Initial compilations appeared in the early 1960s, with a definitive small-format edition produced under the auspices of the People's Liberation Army and the Central Cultural Revolution Group in 1964 and 1966. Multiple printings were issued by state publishing houses including the People's Publishing House and the People's Liberation Army Publishing House. Editions varied in size, layout, and prefaces added by figures such as Lin Biao and officials of the Politburo of the Chinese Communist Party. Special military editions were issued for units of the People's Liberation Army Ground Force, while university editions circulated among cadres of the Peking University and the Tsinghua University. Foreign-language editions were produced with support from the International Liaison Department and other transnational bodies.
The anthology organized quotations thematically around concepts emphasized by Mao such as class struggle, mass mobilization, self-reliance, and guerrilla warfare, referencing events like the Long March, the Chinese Civil War, and struggles against the Kuomintang. It includes passages relating to revolutionary strategy, ethics for cadres, and cultural critique, drawing on works delivered in settings ranging from Yan'an to state ceremonies in Beijing.
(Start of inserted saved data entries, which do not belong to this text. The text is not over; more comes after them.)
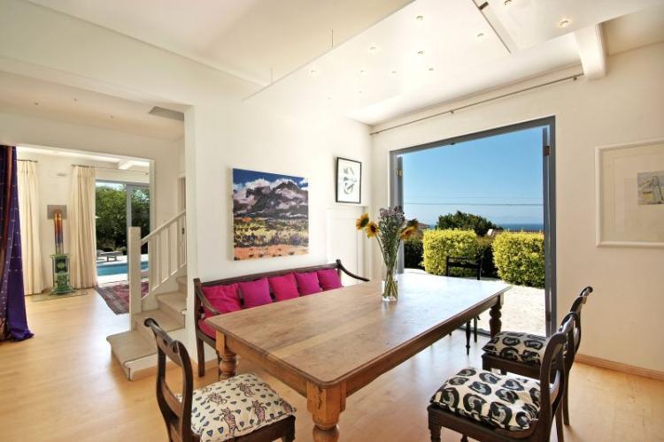 The upstairs houses all the bedrooms… and a peek into each reveals more delightful textiles, colourful crystal chandeliers, a wooden Zanzibar bed and other quirky oddities all offset by large balconies, each with sprawling views and a front seat to any whale watching action in False Bay.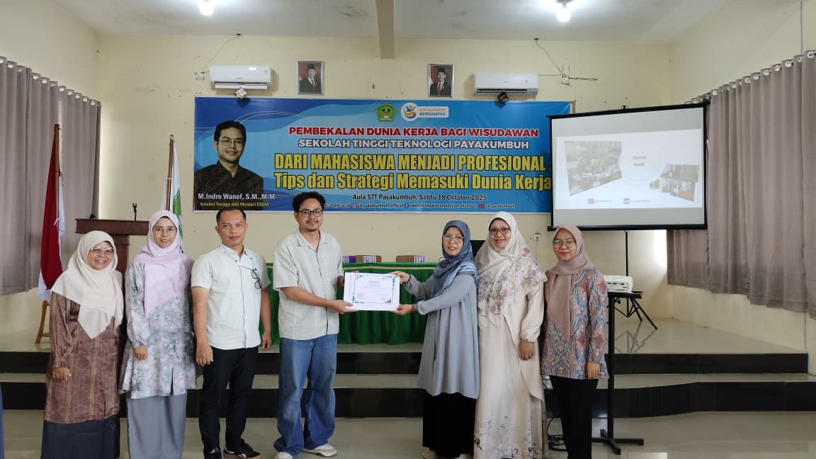 Dalam rangka mempersiapkan lulusan menghadapi dunia kerja yang kompetitif, Sekolah Tinggi Teknologi (STT) Payakumbuh menggelar kegiatan bertajuk “Pembekalan Dunia Kerja bagi Wisudawan”. Acara ini diselenggarakan pada Sabtu, 18 Oktober 2025, bertempat di Aula STT Payakumbuh, dan dihadiri oleh para wisudawan serta mahasiswa tingkat akhir yang tengah bersiap memasuki dunia profesional.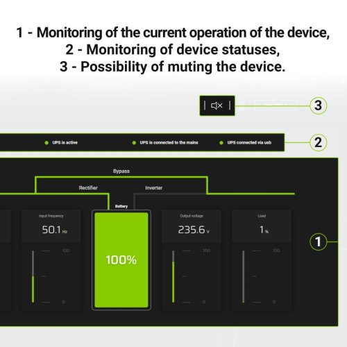 S celkovým výkonem 700W a zdánlivým výkonem 1000VA je UPS vybavena bateriemi Green Cell AGM, které poskytují stabilní parametry pro vaše zařízení.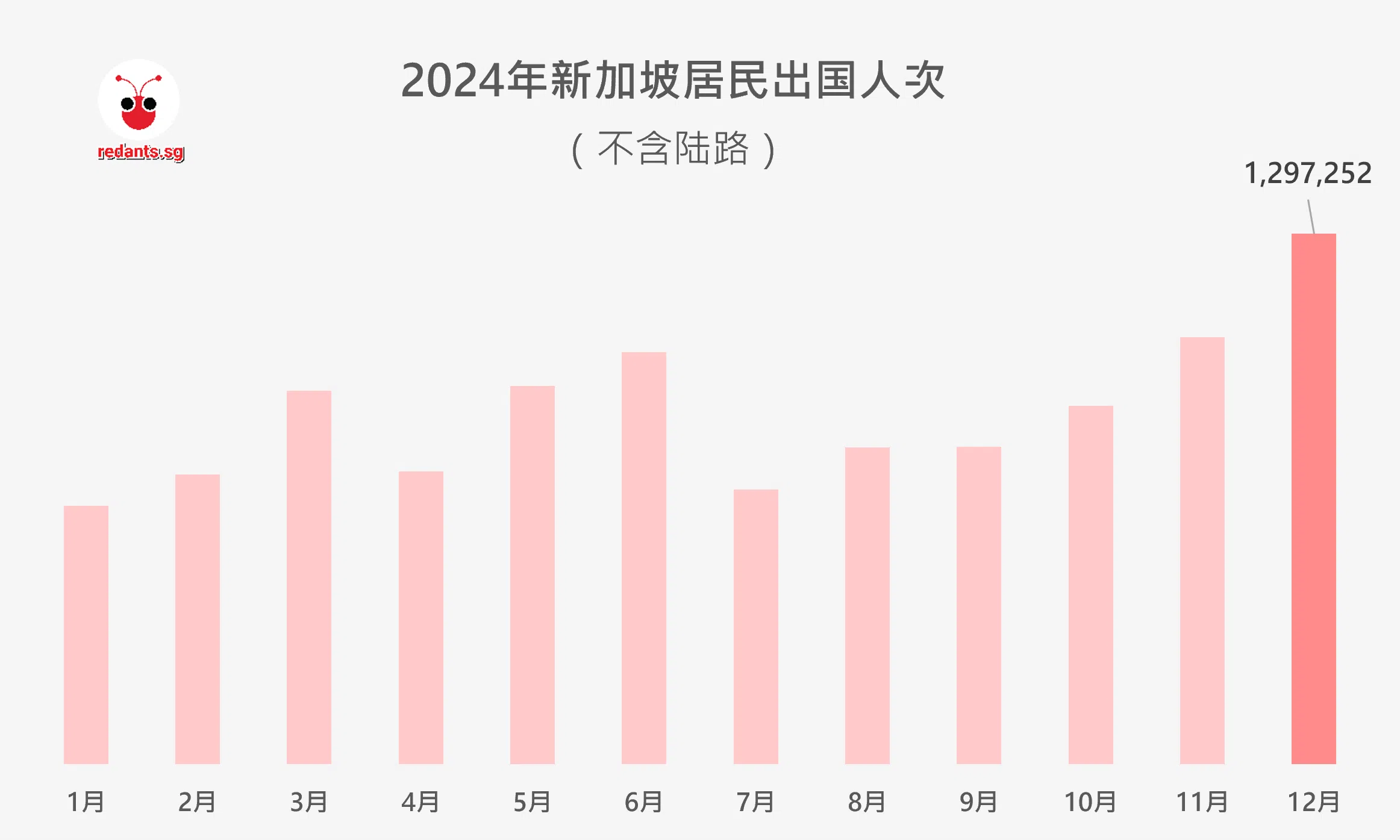 新加坡统计局的数据显示,去年12月新加坡居民的出国人次高达130万,远远抛离全年每月平均的约86万人次。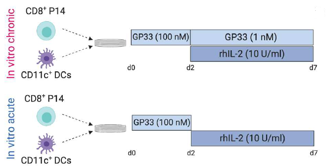 Subsequently, the in vitro depletion model was sequenced to probe its transcriptional and epigenetic features. RNA-seq results showed consistent chronic and acute model mapping with only 634 differential genes and 2844 differential genes at d7, suggesting similar initiation progression but differentiation at d7, where acute stimulation of P14 cells biased the Tmem phenotype and the Tex phenotype in the acute model. In gene enrichment analysis, genes upregulated by Tex in vivo were heavily enriched in P14 cells in the chronic model, and these genes were associated with negative regulation of T cell activation. In the ATAC-seq assay for epigenetic features, P14 cells in both models co-colocalized with Tex at d4, possibly related to the activation of relevant chromatin accessibility. Consistent with transcript levels, both showed a similar initial pathway as well as differentiation at d7.

Literary excerpts and epigraphs reflect Mao’s engagement with figures such as Sun Yat-sen in the revolutionary lineage, and occasional poetic lines echo classical references related to the Yellow River and the Yangtze River.
Domestically, the book became a compulsory text for study sessions mandated by organs like the Central Cultural Revolution Group and embraced by movements involving the Red Guards and local Party committees. Internationally, it was circulated to diplomatic posts such as the Embassy of the People's Republic of China in Moscow and to allied revolutionary organizations including Pathet Lao, National Liberation Front (Vietnam), and leftist parties in Chile and France. Prominent leaders and intellectuals, such as Ho Chi Minh sympathizers and certain European Maoist groups, used it as a reference for ideological practice. Receptions ranged from veneration by adherents to critique by opponents in outlets associated with the Kuomintang and Western diplomatic missions like the United States Embassy in Beijing.
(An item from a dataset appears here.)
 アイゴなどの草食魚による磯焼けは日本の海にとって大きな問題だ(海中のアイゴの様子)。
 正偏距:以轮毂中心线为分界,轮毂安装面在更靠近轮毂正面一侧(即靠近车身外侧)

The text influenced cultural campaigns and educational practices tied to institutions like the Central Committee and mass media organs including the People's Daily and Red Flag (magazine). Visual culture—posters, badges, and schoolroom iconography—often incorporated quotations for slogans in public spaces such as Tiananmen Square and provincial party headquarters. It shaped political rituals involving figures such as Jiang Qing and cadres within the Gang of Four, and featured in training for militia groups and trade union cells connected to the All-China Federation of Trade Unions.
Translated editions proliferated in languages with political networks tied to Beijing: Vietnamese, Korean, Spanish, French, English, and Arabic, produced by organizations like the China International Publishing Group and sympathetic presses associated with groups such as the Worker-Communist Party of Iran and European Maoist collectives. Copies reached revolutionary movements in Latin America, Africa, and Southeast Asia, entering libraries of institutions from the University of Oxford to the University of Tokyo and museums documenting 20th-century political movements.
Scholars, policymakers, and dissidents criticized the anthology for its role in enforcing ideological conformity and enabling campaigns that resulted in violent upheavals, citing links to policies enacted during the Great Leap Forward and the Cultural Revolution. Critics in exile circles, Western academics, and members of the Chinese dissident movement associated with figures like Wei Jingsheng questioned its authoritative status and selective citation practices. Debates continue about editorial choices made by actors such as Lin Biao and the Central Cultural Revolution Group and about the book’s role in shaping state-sponsored personality cults and transnational revolutionary mythologies.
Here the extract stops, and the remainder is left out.